Alle 14 a Casteldebole è stato presentato, introdotto dal Ds Marco Di Vaio, il portoghese Joao Mario, terzino arrivato al termine della sessione di mercato di gennaio e già impiegato in campo, anche nella gara di ieri sera.
L’introduzione di Di Vaio
«State già vedendo che tipo di giocatore è. Sta dando alternative al mister. Si sta adattando al nostro calcio con grande volontà e sta dimostrando di volersi mettere in gioco ogni giorno e di questo siamo molto contenti».
Le parole di Joao Mario
«Ho ricevuto un’accoglienza calorosa fin dal primo giorno nel gruppo, un gruppo molto unito. So che non sono arrivato nel migliore dei momenti ma la squadra era concentrata, sapevo che ne saremmo usciti. Mi sto adattando a quello che mi chiede il mister e sono molto contento di come è cominciata questa avventura. Ho avuto modo anche di vedere Bologna, è una bella città, simpatica con un ottimo cibo».

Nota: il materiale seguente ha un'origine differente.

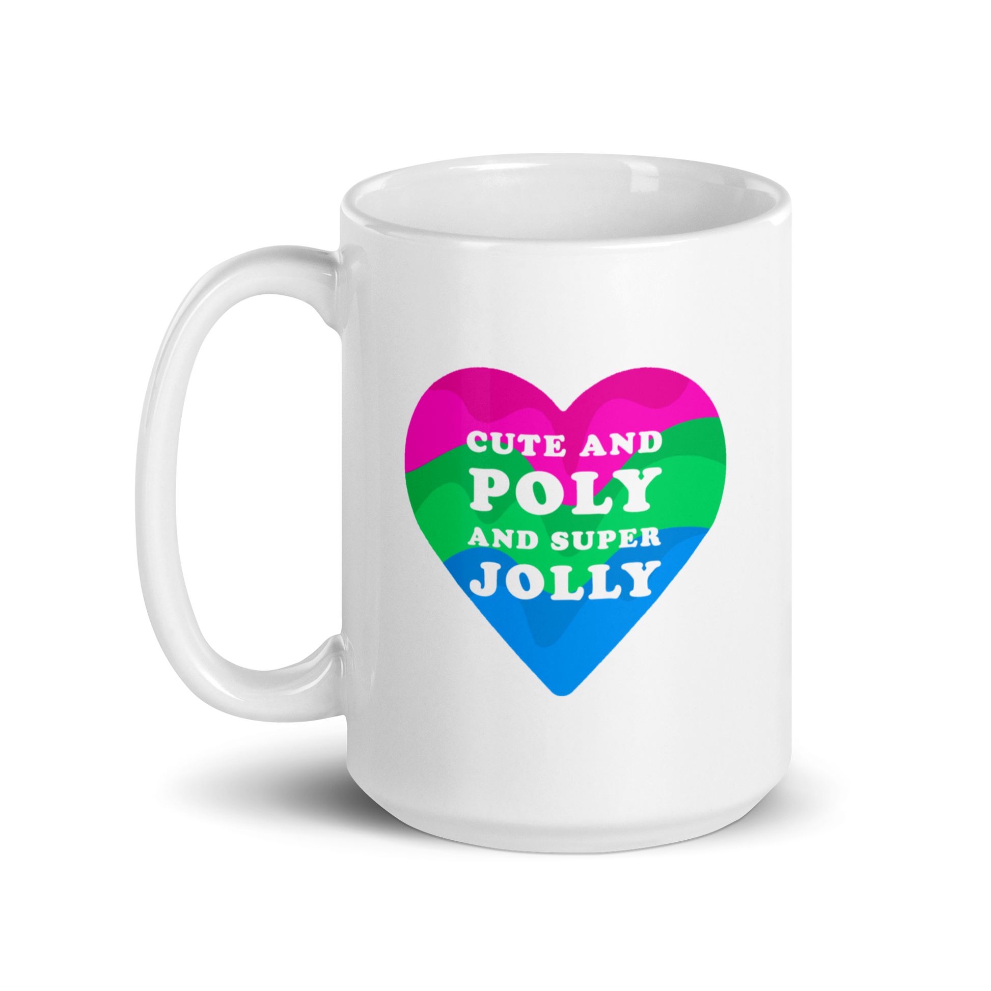 "Cute and Poly and Super Jolly" Polysexual Pride White Glossy Mug

Dall’esperienza al Porto alla scelta di venire in Italia:
«Sono stato tanti anni al Porto. Lì sono cresciuto e sono diventato il calciatore che sono. Lì ho vinto tanto e avevo bisogno di una nuova sfida per mettermi alla prova ed uscire dalla mia zona di comfort. Prima alla Juventus dove non ho trovato molti spazi e poi qui».
Sulle sue prospettive di prestito secco:
«Qui avrò più opportunità di giocare e migliorarmi. Per ora sono concentrato su questa esperienza poi si vedrà».

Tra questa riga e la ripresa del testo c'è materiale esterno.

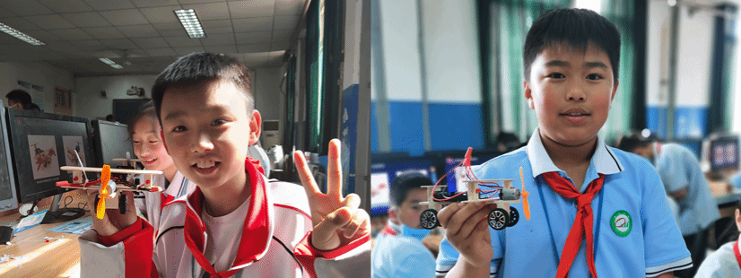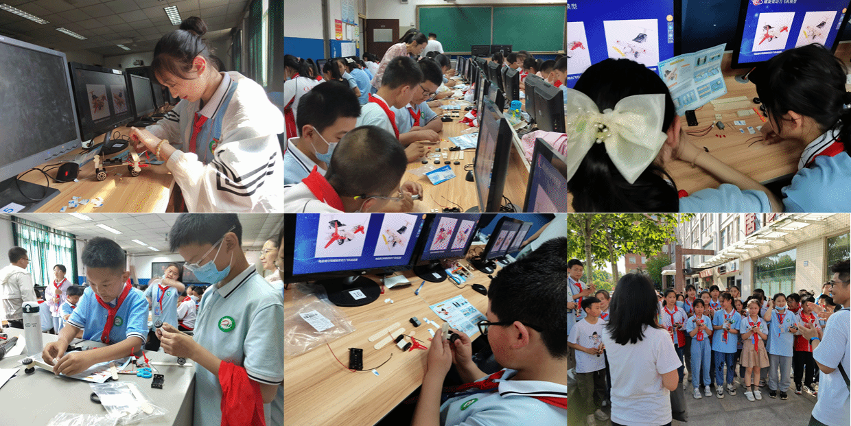 学生们拿到模型后兴趣盎然、跃跃欲试,在认真听完讲解后积极动手制作。在老师和大哥哥大姐姐们的帮助下,孩子们纷纷组装完成了自己的航模,并成功试飞。

Puoi giocare anche sulla corsia di sinistra, vista l’emergenza del momento?
«Sono un terzino destro ma penso di poter giocare anche a sinistra. Se ci sarà bisogno e il mister me lo chiederà mi metterò a sinistra e darò il massimo, il ruolo è lo stesso».
Sulle differenze tra campionato portoghese e quello italiano
«Questo è un campionato più fisico e tattico con un competitività maggiore. Sono qui per affrontare nuove sfide e con tante ambizioni. Il mio gioco è più offensivo ma so che ci vuole anche la parte difensiva e ci lavoro ogni giorno».
Perché il numero 17?
«E’ un numero che mi è sempre piaciuto fin da piccolo. Qui era libero così l’ho scelto».

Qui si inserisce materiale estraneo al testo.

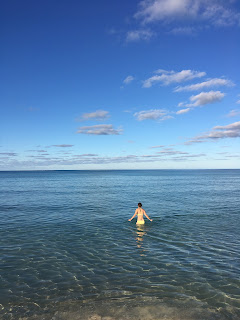 With long shadows heading across the beach, we need to be quick if we are to swim and avoid hypothermia. No time for hesitation. Clare is straight in, which means I have to follow suit.

A chi ti ispiravi da piccolo?
«Ovviamente Cristiano Ronaldo per tutto quello che è e la sua professionalità. E’ un idolo e un punto di riferimento per tutti i portoghesi e non solo».
Sulla vittoria di ieri:
Quella di ieri è una vittoria molto importante, tornare al successo in casa ci dà fiducia. Avevamo voglia di portare gioia ai nostri tifosi. Ora testa all’Europa League, vogliamo superare il turno».
La rincorsa all’Europa è possibile?
«Sappiamo che è difficile, i punti di distacco non sono pochi e le gare non molte. Il nostro obiettivo è quello di fare il meglio partita dopo partita per arrivare più in alto possibile».